The needs of the pore

Cytoplasmic filaments (blue) are not needed for nuclear import (red).

According to a model that has prevailed since the early 1990s, nuclear import complexes need to dock to the cytoplasmic filaments of the nuclear pore complex (NPC) before they can be translocated to the nucleus. On page 63, Walther et al. overturn this idea, demonstrating that cytoplasmic filaments have no essential function in the nuclear import of bulk cargos. The results also provide new insights on the composition of the filaments.

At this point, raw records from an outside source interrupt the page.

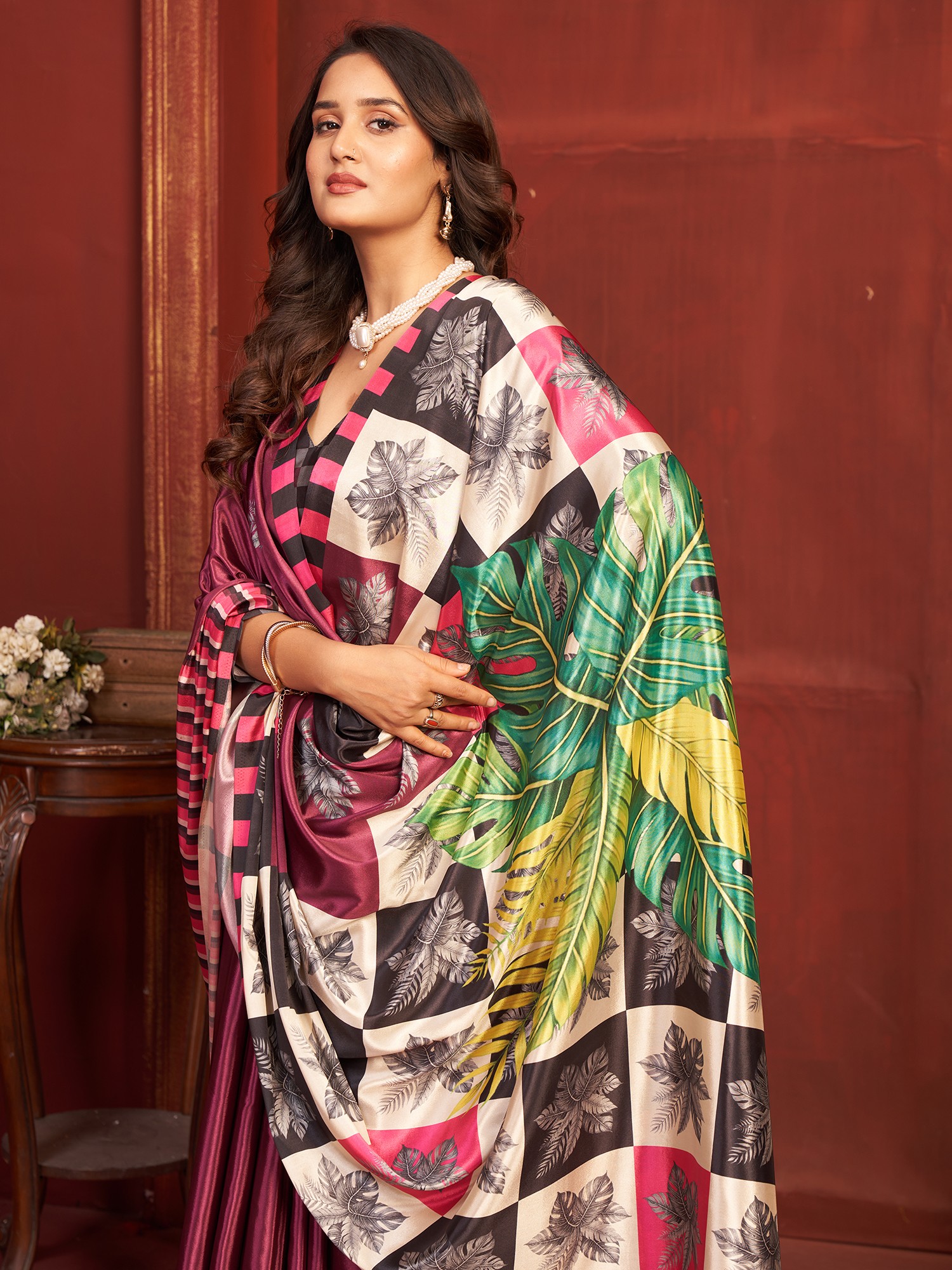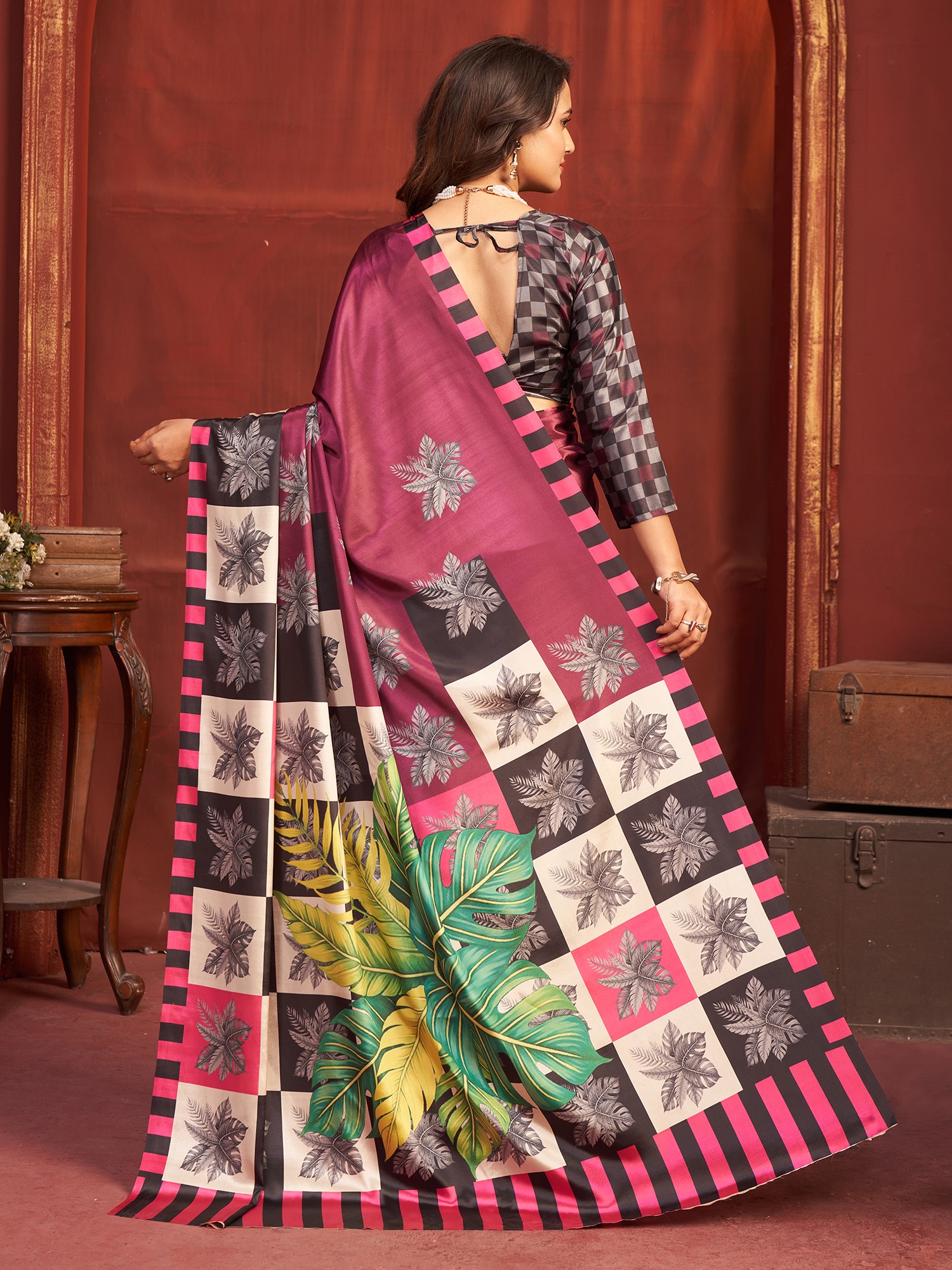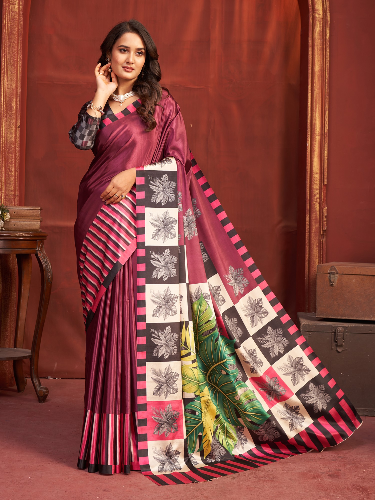 Steel-Grey Crepe Silk Deep Print Saree Contemporary Designer Lightweight Stylish Elegant Partywear Sari
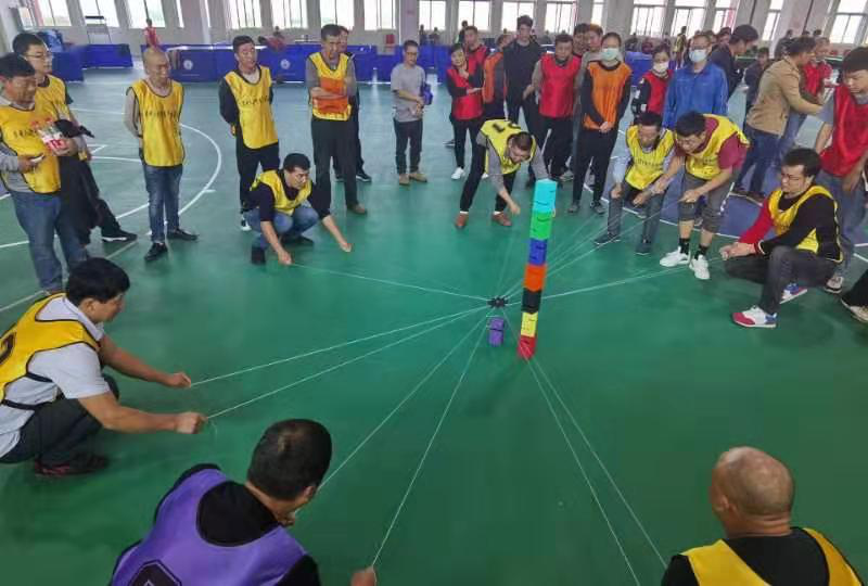 吶喊聲此起彼伏,歡笑聲回蕩天空。在合力建塔項目中,8名隊員分別從不同方向牽引中心的小塔,壘得越高,即為取勝。隊員們聚精會神地盯著小塔,在隊長的指揮下,或拉緊引繩、或放松繩子,或邁著矯健的步伐迅速移動,調(diào)整方向,齊心協(xié)力以最快速度將塔壘起來。一陣歡呼響起,原來是一隊壘出了最好成績,隊員們分享著勝利的喜悅。
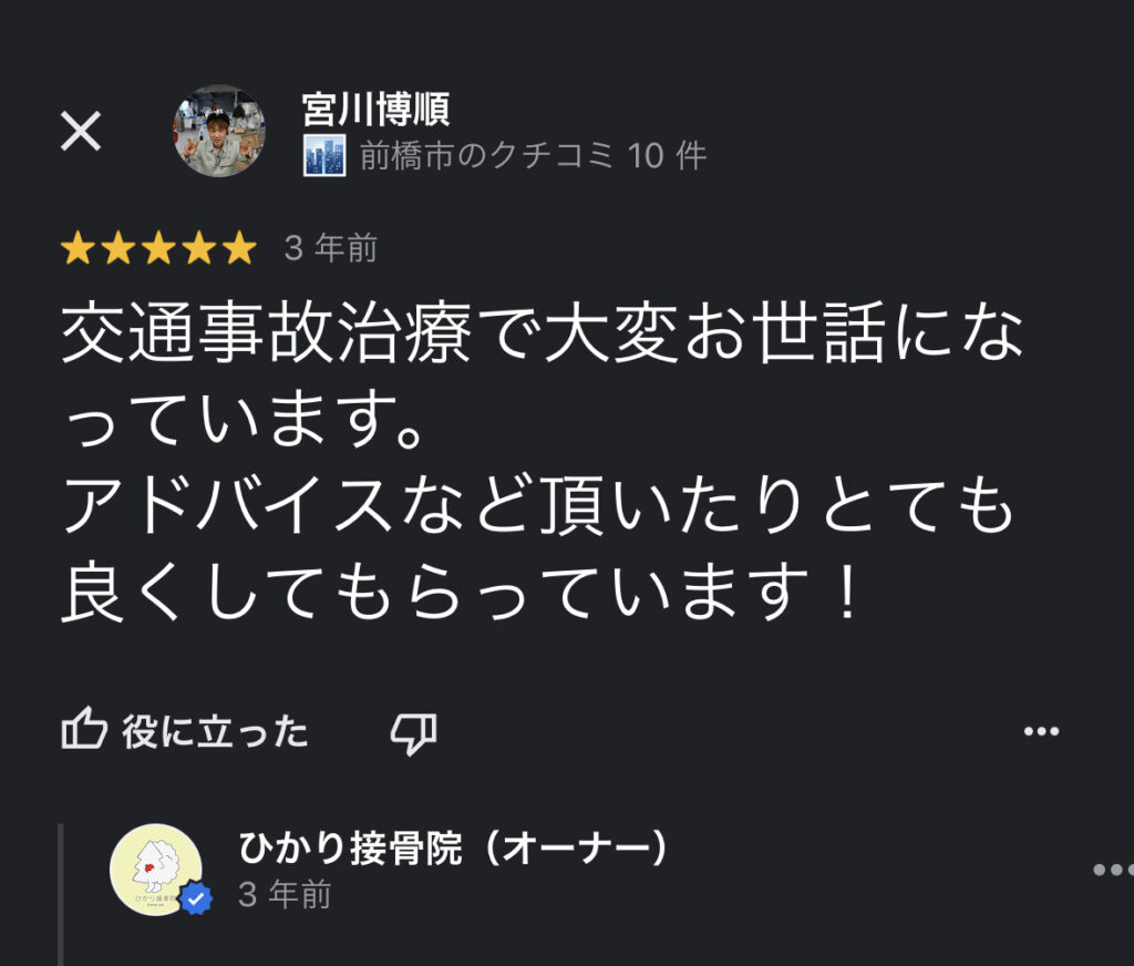 | ③保険会社・手続きに関する相談 | 「いつまで通えるのか」など、不安な点は一緒に整理します。保険会社とのやり取りもご相談に乗ります。 |
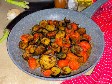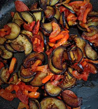 Добавьте к помидорам обжаренные баклажаны, посолите, поперчите по вкусу, снова перемешайте. Огонь на плите убавьте до чуть ниже среднего и тушите овощи от 5 до 10 минут. Иногда перемешивайте, чтоб ничего не подгорело, делайте это аккуратно, чтобы максимально сохранить кусочки целыми и не превратить блюдо в кашу.
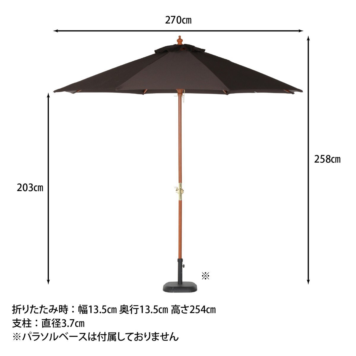 その他 | ■ジョイント式なので、収納、持ち運びに便利です。 ■パラソルの開閉が楽なクランク付きです。 ■UV400カット ■ベースは別売りになります。 |

Using the Xenopus egg extract system, the authors analyzed two cytoplasmically oriented nucleoporins, CAN/Nup214 and RanBP2/Nup358. CAN/Nup214 was previously thought to be a component of the cytoplasmic filaments, but in the new work it appears to be located near the entrance to the translocation channel in the NPC. RanBP2/Nup358, however, is an essential component of the cytoplasmic filaments: depleting this protein causes NPCs to form without cytoplasmic filaments. Surprisingly, NPCs lacking cytoplasmic filaments show no deficiency in nuclear import, indicating that the filaments are dispensable for this function.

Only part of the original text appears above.